> Exercise requirements
Skip every image and restate the data word for word.
Available data Block Start
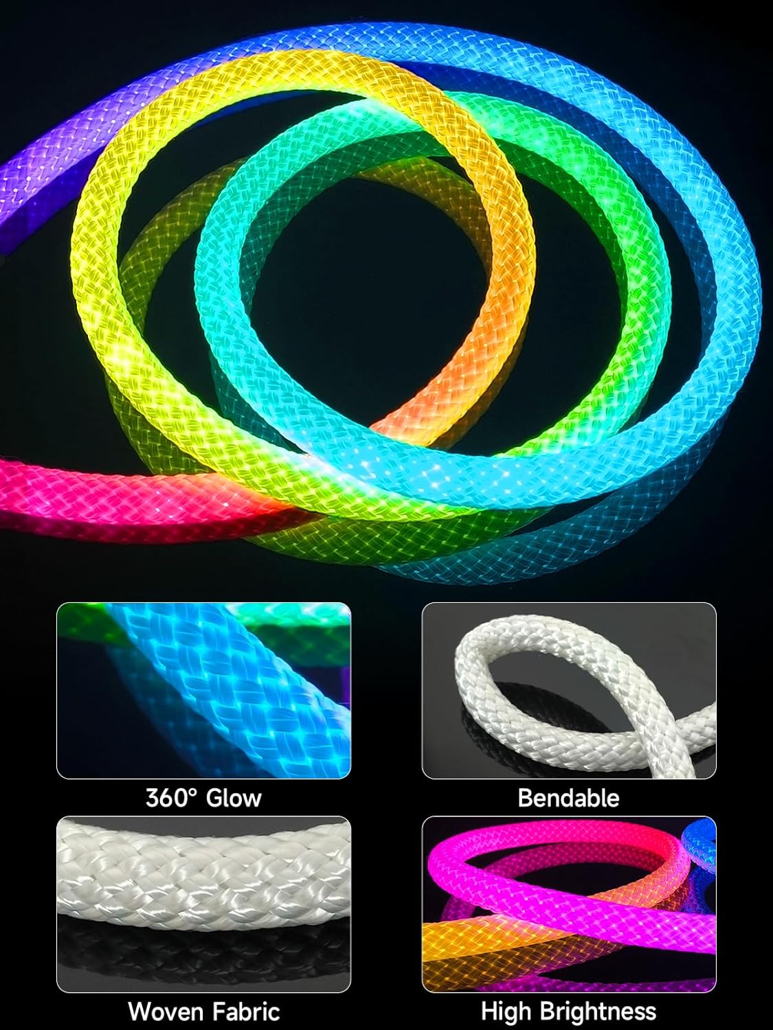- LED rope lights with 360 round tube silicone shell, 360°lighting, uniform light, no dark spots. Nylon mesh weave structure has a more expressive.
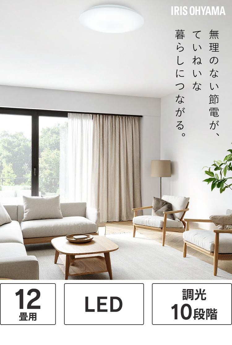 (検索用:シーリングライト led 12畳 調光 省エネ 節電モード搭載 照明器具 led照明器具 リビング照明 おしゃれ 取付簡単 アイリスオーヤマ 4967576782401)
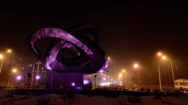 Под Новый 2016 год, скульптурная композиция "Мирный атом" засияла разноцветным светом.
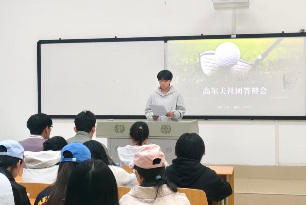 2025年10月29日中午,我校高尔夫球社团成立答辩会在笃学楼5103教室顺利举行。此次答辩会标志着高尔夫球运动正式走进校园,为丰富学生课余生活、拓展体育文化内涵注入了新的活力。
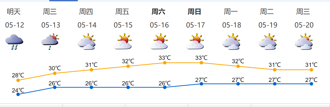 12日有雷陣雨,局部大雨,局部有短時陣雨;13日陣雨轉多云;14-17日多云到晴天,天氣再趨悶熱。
Available data Block End
> Task response
- LED rope lights with 360 round tube silicone shell, 360°lighting, uniform light, no dark spots. Nylon mesh weave structure has a more expressive.
 (検索用:シーリングライト led 12畳 調光 省エネ 節電モード搭載 照明器具 led照明器具 リビング照明 おしゃれ 取付簡単 アイリスオーヤマ 4967576782401)
 Под Новый 2016 год, скульптурная композиция "Мирный атом" засияла разноцветным светом.
 2025年10月29日中午,我校高尔夫球社团成立答辩会在笃学楼5103教室顺利举行。此次答辩会标志着高尔夫球运动正式走进校园,为丰富学生课余生活、拓展体育文化内涵注入了新的活力。
 12日有雷陣雨,局部大雨,局部有短時陣雨;13日陣雨轉多云;14-17日多云到晴天,天氣再趨悶熱。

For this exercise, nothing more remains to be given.